[Supplied information]:
*** Begin section ***

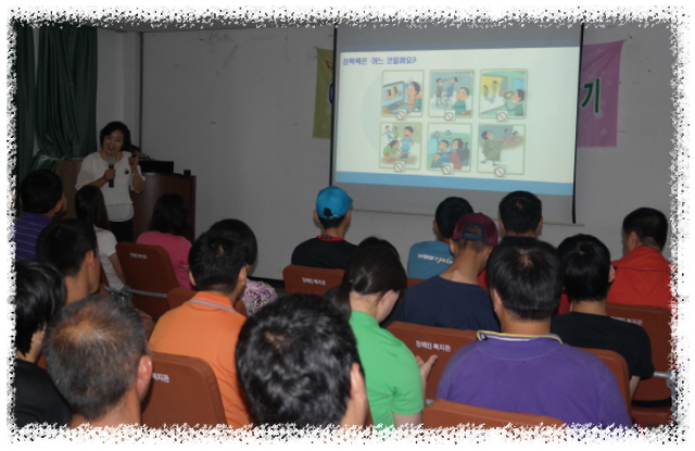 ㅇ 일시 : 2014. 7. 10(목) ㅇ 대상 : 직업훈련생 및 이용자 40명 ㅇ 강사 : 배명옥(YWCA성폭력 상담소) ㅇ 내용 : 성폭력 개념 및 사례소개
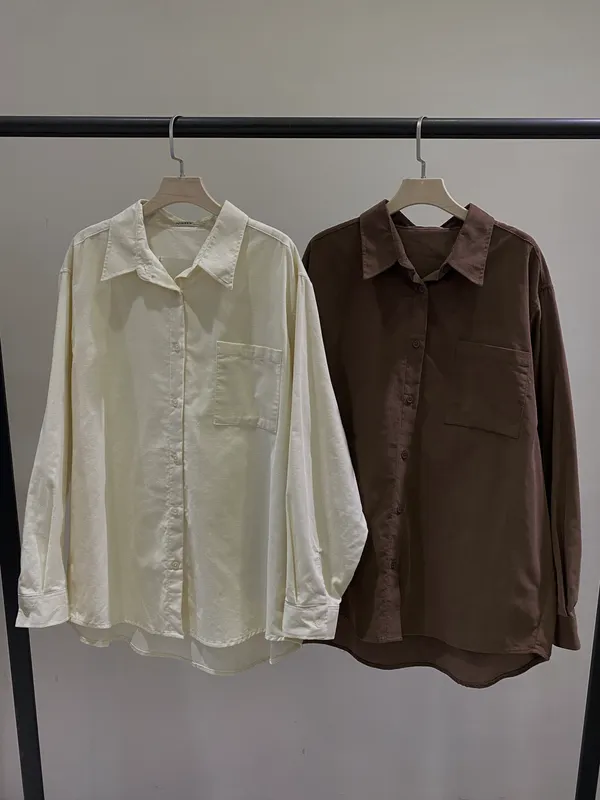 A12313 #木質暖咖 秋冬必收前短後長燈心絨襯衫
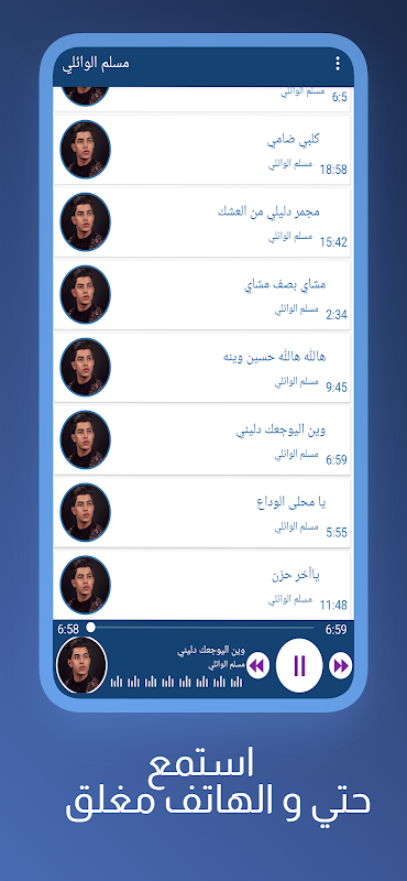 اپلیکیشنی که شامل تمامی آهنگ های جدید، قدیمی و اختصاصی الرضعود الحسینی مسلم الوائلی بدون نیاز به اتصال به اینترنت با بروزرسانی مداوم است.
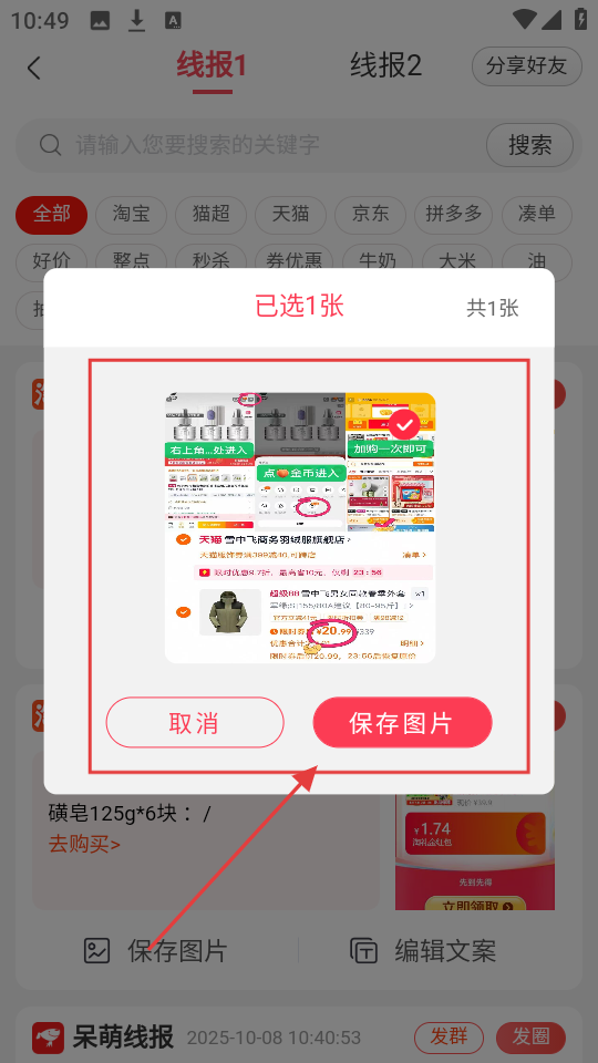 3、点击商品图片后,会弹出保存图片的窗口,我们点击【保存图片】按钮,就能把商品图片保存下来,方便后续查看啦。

*** End section ***

[About this task]:
An exact copy of the data above is required, printed without its pictures.

[Answer section]:
 ㅇ 일시 : 2014. 7. 10(목) ㅇ 대상 : 직업훈련생 및 이용자 40명 ㅇ 강사 : 배명옥(YWCA성폭력 상담소) ㅇ 내용 : 성폭력 개념 및 사례소개
 A12313 #木質暖咖 秋冬必收前短後長燈心絨襯衫
 اپلیکیشنی که شامل تمامی آهنگ های جدید، قدیمی و اختصاصی الرضعود الحسینی مسلم الوائلی بدون نیاز به اتصال به اینترنت با بروزرسانی مداوم است.
 3、点击商品图片后,会弹出保存图片的窗口,我们点击【保存图片】按钮,就能把商品图片保存下来,方便后续查看啦。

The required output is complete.